Overview: This activity demonstrates how to  manually modify an amino acid residue to model protein mutagenesis.

Outcome: The user will be able to change the identity of an amino acid residue in order to visualize the impact of mutagenesis on the protein of interest.

Time to complete: 15 minutes

Modeling Skills

  • Changing the identity of an amino acid residue using the mutagenesis tool
  • Selecting the rotamer that best fits the structure
  • Visualizing the impact of mutagenesis on the contour of a cavity in a protein

About the Models

PDB ID: 4LTV

Protein: Epi-isozizaene synthase (EIZS)

Activity: Cyclizes the isoprenoid precursor, farnesyl diphosphate (FPP) to form the tricyclic terpene epi-isozizaene. Epi-isozizaene is an intermediate in the biosynthesis of the natural product albaflavenoid.
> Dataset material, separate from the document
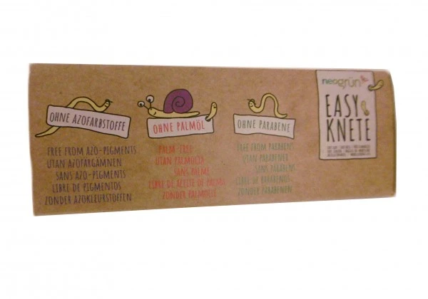 Die Zutaten der Knete sind Bio zertifiziert und vegan. Easy-Knete ist weich und leicht formbar, sie klebt nicht. Modellierte kleine Kunstwerke können luftgetrocknet werden. Das bedeutet auch, dass die Knete zum Aufbewahren immer wieder geschlossen werden muss, damit sie schön weich bleibt.
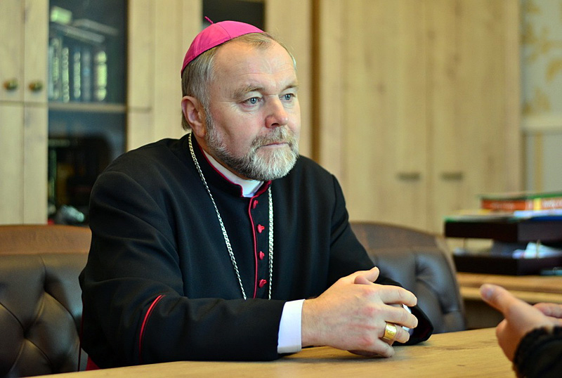 Пра адносіны з Праваслаўнай Царквой У маёй дыяцэзіі усё выглядае добра, нават вельмі добра. Заўсёды прасцей, калі мы разумеем ментальнасць адно аднаго. Я выхоўваўся ў камуністычным грамадстве. Патрыярх Кірыл падняў узровень навучання і фармацыі будучых праваслаўных духоўнікаў. Не ўсюды, але ў многіх месцах кантакты з праваслаўнымі епіскапамі цудоўныя. Зараз ідуць рамонтныя працы ў нашай катэдры і курыі, і ад праваслаўнага епіскапа я атрымаў у катэдру прыгожую фігуру Маці Божай у плашчы заступніцы. Кантакты і дыялог залежаць ад абодвух бакоў».

Description: Single chain, no ligands bound in the active site, two sulfate ions

Note: We will be using the commands to change the identity of a specific amino acid residue in the enzyme. The amino acid residue, F96, that is mutated in this exercise is on the inner surface of the active site pocket. Mutagenesis experiments (Aaron et al, 2010Li. et al., 2014) have shown that when this residue is mutated, the change in the contour and electrostatics of the active site pocket result in a dramatic change in the identity of isoprenoid products formed. The F96A mutation changes main product of the enzyme from epi-isozizaene to β–farnesene, and the F96W mutation changes the main product from epi-isozizaene to (+)-zizaene.

Steps

Substitution (mutagenesis) of an amino acid residue with rotamer selection

Note: This set of steps will produce a mutation at a single amino acid residue in the protein and allow the user to select a conformation of the new residue that has the fewest steric clashes with existing atoms in the structure.

 

  1. In the command line, type: open 4LTV
  2. Determine what mutation will be investigated. In this example, it will be the F96W mutation.
  3. Show the side chains by selecting: (from the top menu) Molecule Display → Atoms → Show.
  4. Display the amino acid sequence by selecting: (from the top menu) Molecule Display → Analysis → Sequence.
  5.  Identify residue F96.  In the command line, type select :96
  6. Then color residue F96 by selecting: Actions → Color → Magenta (or select preferred color scheme). See Figure 1.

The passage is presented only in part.